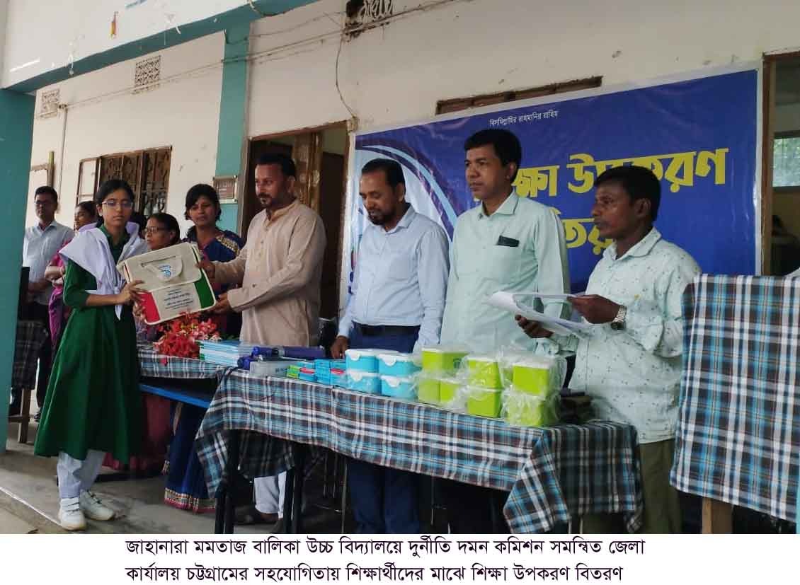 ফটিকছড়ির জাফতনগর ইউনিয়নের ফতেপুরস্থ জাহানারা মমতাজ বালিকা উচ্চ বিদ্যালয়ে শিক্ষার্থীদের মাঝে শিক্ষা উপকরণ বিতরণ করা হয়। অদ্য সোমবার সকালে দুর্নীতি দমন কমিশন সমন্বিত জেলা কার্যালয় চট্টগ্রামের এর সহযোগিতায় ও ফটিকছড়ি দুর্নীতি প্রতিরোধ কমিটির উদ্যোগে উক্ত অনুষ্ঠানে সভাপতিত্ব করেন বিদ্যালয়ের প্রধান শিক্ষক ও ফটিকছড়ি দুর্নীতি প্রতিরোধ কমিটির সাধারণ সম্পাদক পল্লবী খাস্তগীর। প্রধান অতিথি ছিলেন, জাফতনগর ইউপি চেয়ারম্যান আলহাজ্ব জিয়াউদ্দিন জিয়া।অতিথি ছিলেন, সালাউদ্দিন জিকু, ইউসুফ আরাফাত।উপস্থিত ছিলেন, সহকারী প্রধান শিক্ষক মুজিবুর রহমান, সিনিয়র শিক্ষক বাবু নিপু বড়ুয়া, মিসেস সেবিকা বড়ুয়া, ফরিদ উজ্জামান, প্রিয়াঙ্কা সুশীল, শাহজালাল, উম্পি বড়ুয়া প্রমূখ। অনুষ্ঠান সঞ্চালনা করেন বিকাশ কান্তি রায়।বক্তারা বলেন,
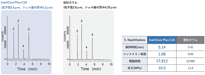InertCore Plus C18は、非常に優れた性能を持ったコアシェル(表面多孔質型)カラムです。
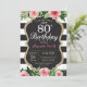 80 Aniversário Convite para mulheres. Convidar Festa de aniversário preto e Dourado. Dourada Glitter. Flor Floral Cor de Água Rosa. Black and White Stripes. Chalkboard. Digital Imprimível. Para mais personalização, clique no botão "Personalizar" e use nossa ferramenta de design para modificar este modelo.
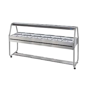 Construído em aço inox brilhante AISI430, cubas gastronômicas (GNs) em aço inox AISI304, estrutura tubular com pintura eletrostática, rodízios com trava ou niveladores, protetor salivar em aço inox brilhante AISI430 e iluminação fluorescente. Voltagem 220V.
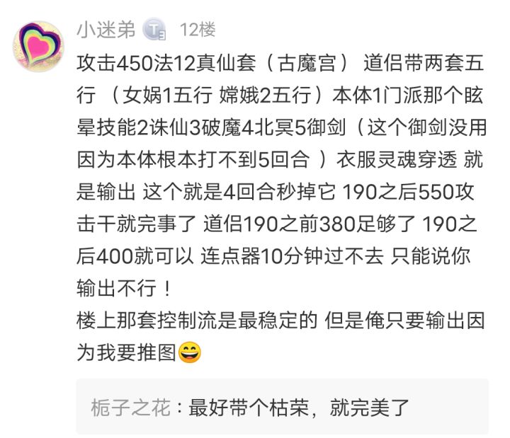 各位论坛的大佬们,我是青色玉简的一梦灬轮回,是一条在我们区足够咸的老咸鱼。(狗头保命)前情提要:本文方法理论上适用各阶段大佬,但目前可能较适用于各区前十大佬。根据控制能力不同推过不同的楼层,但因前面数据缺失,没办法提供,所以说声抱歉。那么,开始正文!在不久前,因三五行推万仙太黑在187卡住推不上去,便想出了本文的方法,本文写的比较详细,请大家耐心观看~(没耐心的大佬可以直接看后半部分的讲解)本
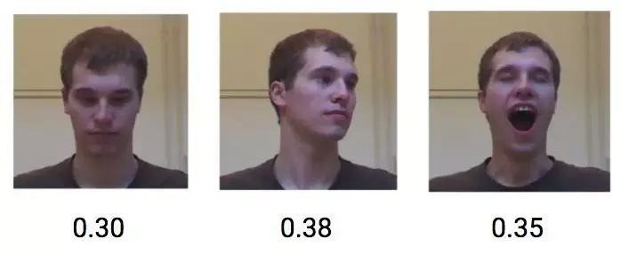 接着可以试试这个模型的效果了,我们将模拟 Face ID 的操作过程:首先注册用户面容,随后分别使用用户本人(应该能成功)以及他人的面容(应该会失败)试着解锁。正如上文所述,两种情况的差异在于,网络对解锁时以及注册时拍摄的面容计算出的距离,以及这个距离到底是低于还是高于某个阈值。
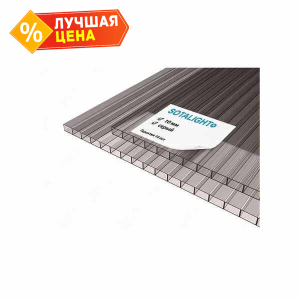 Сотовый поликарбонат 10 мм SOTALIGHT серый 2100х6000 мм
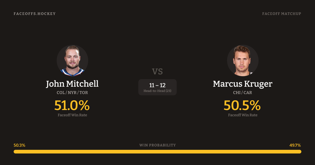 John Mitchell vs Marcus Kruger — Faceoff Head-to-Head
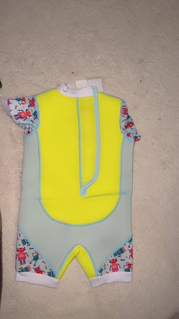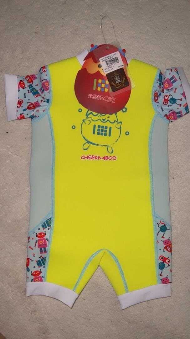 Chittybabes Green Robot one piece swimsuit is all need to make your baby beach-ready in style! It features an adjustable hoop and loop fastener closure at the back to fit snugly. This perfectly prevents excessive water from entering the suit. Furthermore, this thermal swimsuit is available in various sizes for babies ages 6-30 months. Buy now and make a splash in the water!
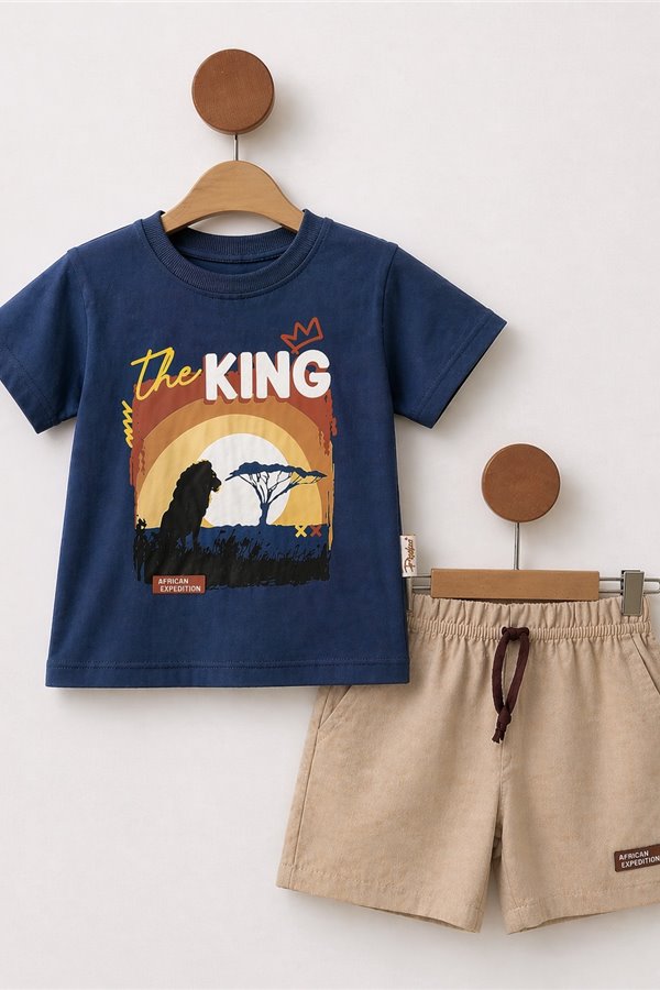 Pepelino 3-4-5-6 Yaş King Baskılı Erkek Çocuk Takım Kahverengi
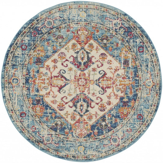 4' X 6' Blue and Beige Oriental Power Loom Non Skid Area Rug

ACTIVITY →
What is needed is every entry above, repeated exactly, with the pictures dropped.

RESPONSE TO THIS EXERCISE →
 ফটিকছড়ির জাফতনগর ইউনিয়নের ফতেপুরস্থ জাহানারা মমতাজ বালিকা উচ্চ বিদ্যালয়ে শিক্ষার্থীদের মাঝে শিক্ষা উপকরণ বিতরণ করা হয়। অদ্য সোমবার সকালে দুর্নীতি দমন কমিশন সমন্বিত জেলা কার্যালয় চট্টগ্রামের এর সহযোগিতায় ও ফটিকছড়ি দুর্নীতি প্রতিরোধ কমিটির উদ্যোগে উক্ত অনুষ্ঠানে সভাপতিত্ব করেন বিদ্যালয়ের প্রধান শিক্ষক ও ফটিকছড়ি দুর্নীতি প্রতিরোধ কমিটির সাধারণ সম্পাদক পল্লবী খাস্তগীর। প্রধান অতিথি ছিলেন, জাফতনগর ইউপি চেয়ারম্যান আলহাজ্ব জিয়াউদ্দিন জিয়া।অতিথি ছিলেন, সালাউদ্দিন জিকু, ইউসুফ আরাফাত।উপস্থিত ছিলেন, সহকারী প্রধান শিক্ষক মুজিবুর রহমান, সিনিয়র শিক্ষক বাবু নিপু বড়ুয়া, মিসেস সেবিকা বড়ুয়া, ফরিদ উজ্জামান, প্রিয়াঙ্কা সুশীল, শাহজালাল, উম্পি বড়ুয়া প্রমূখ। অনুষ্ঠান সঞ্চালনা করেন বিকাশ কান্তি রায়।বক্তারা বলেন,
InertCore Plus C18は、非常に優れた性能を持ったコアシェル(表面多孔質型)カラムです。
 80 Aniversário Convite para mulheres. Convidar Festa de aniversário preto e Dourado. Dourada Glitter. Flor Floral Cor de Água Rosa. Black and White Stripes. Chalkboard. Digital Imprimível. Para mais personalização, clique no botão "Personalizar" e use nossa ferramenta de design para modificar este modelo.
 Construído em aço inox brilhante AISI430, cubas gastronômicas (GNs) em aço inox AISI304, estrutura tubular com pintura eletrostática, rodízios com trava ou niveladores, protetor salivar em aço inox brilhante AISI430 e iluminação fluorescente. Voltagem 220V.
 各位论坛的大佬们,我是青色玉简的一梦灬轮回,是一条在我们区足够咸的老咸鱼。(狗头保命)前情提要:本文方法理论上适用各阶段大佬,但目前可能较适用于各区前十大佬。根据控制能力不同推过不同的楼层,但因前面数据缺失,没办法提供,所以说声抱歉。那么,开始正文!在不久前,因三五行推万仙太黑在187卡住推不上去,便想出了本文的方法,本文写的比较详细,请大家耐心观看~(没耐心的大佬可以直接看后半部分的讲解)本
 接着可以试试这个模型的效果了,我们将模拟 Face ID 的操作过程:首先注册用户面容,随后分别使用用户本人(应该能成功)以及他人的面容(应该会失败)试着解锁。正如上文所述,两种情况的差异在于,网络对解锁时以及注册时拍摄的面容计算出的距离,以及这个距离到底是低于还是高于某个阈值。
 Сотовый поликарбонат 10 мм SOTALIGHT серый 2100х6000 мм
 John Mitchell vs Marcus Kruger — Faceoff Head-to-Head
 Chittybabes Green Robot one piece swimsuit is all need to make your baby beach-ready in style! It features an adjustable hoop and loop fastener closure at the back to fit snugly. This perfectly prevents excessive water from entering the suit. Furthermore, this thermal swimsuit is available in various sizes for babies ages 6-30 months. Buy now and make a splash in the water!
 Pepelino 3-4-5-6 Yaş King Baskılı Erkek Çocuk Takım Kahverengi
 4' X 6' Blue and Beige Oriental Power Loom Non Skid Area Rug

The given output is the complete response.